US college reaping reward from on-site power

US college Bowdoin in Maine has announced that a new steam turbine in the campus central heating plant is up and running.

In its first two nights of operating, the turbine produced 300 kilowatts, enough electricity to meet half of the north campus’s demand of 600 kilowatts, according to John Simoneau, Bowdoin’s capital projects manager.

And when the turbine was tested Friday, it produced 600kW, which met approximately 3% of the total electricity demand on the campus. Total demand that morning was 1400kW.

The 630-kilowatt turbine generator skid and associated electrical equipment were lowered into the heating plant in late July 2011.
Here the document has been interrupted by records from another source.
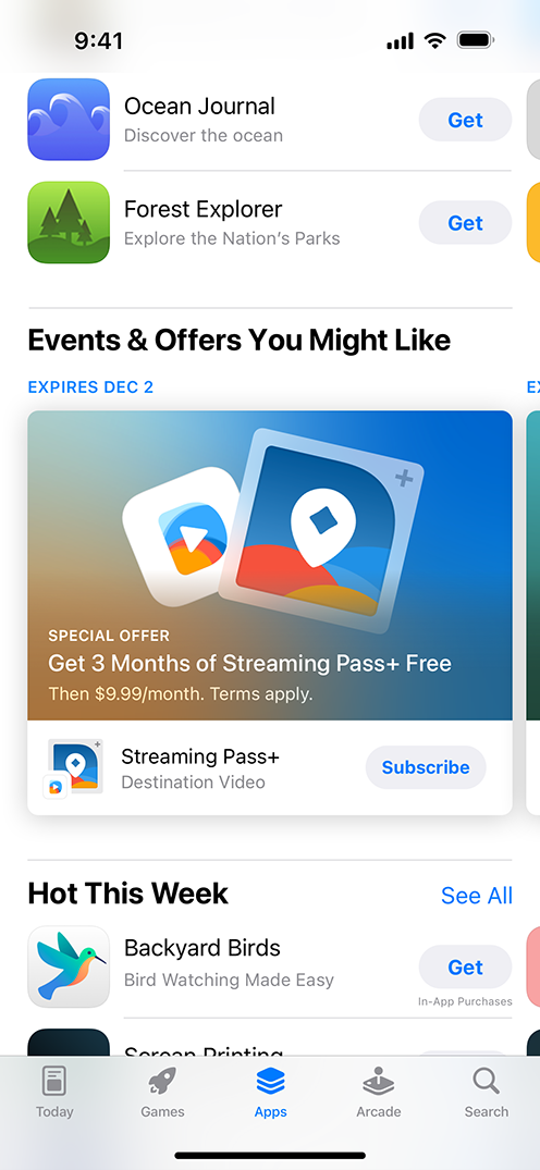 On the App Store: On your product page and in editorial selections and personalized recommendations on the Today, Games, and Apps tabs if you’ve been featured. People can tap your offer to learn more details about your offer and open or redownload your app or game to seamlessly redeem your offer.
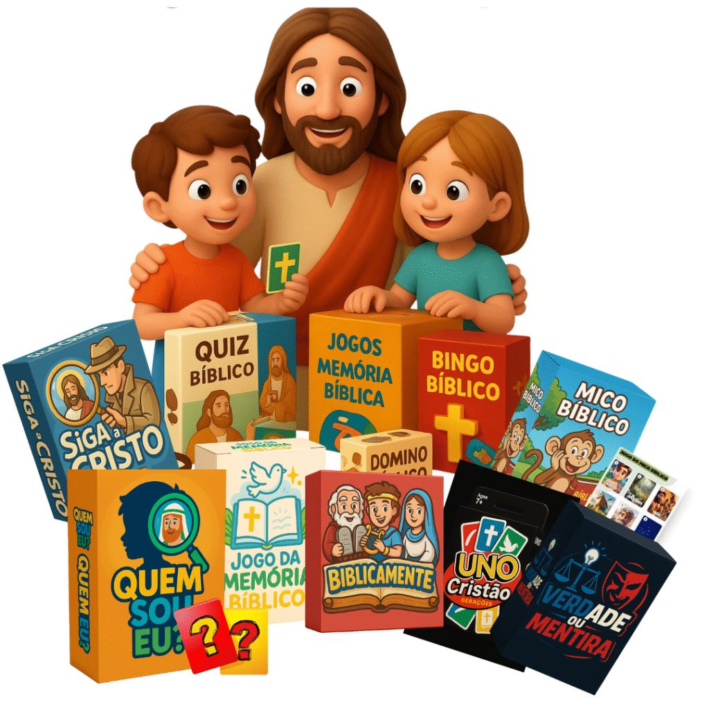 Combo com Mais de 20 jogos bíblicos que transformam o aprendizado da fé em momentos de alegria e conexão entre pais, filhos e alunos
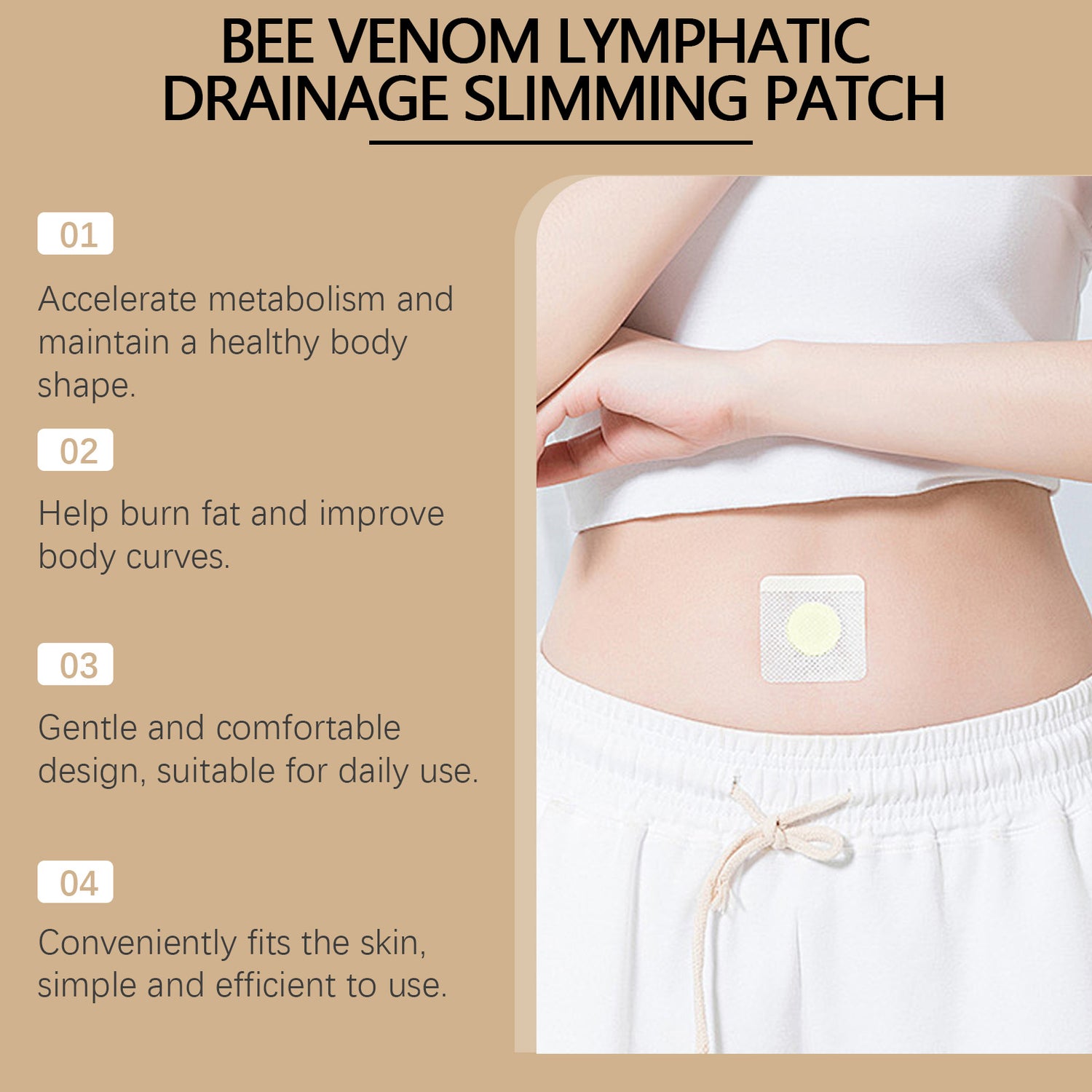 Our body care patches contain cinnamon extract and pepper extract. It can promote the burning of body fat, help to improve the shape of the curve, boost self-confidence. Its application is simple: clean the skin on the abdomen and keep it dry, apply the product to the correct position on the abdomen, press gently to ensure that it is attached to the abdomen, let it sit for 4 hours and peel off the patch. It also reduces the absorption of fats, sugars and starches, supporting a more balanced body shape.

With higher steam demand, the turbine can produce up to 630 kilowatts.

The multi-phase project was made possible with the help of a $400,000 American Recovery and Reinvestment Act grant obtained through the Maine Public Utilities Commission.

The turbine is powered from steam that the college uses to heat the campus, so depending on the steam load, the turbine will produce between 100 kilowatts and 630 kilowatts.

It is projected to produce 1.7 million kilowatt hours annually, offsetting about 10% of the electricity that the college would have had to purchase.

The use of on-site power generation is estimated to reduce Bowdoin’s indirect carbon dioxide emissions by 700 tons annually. The college has pledged to become carbon neutral by 2020.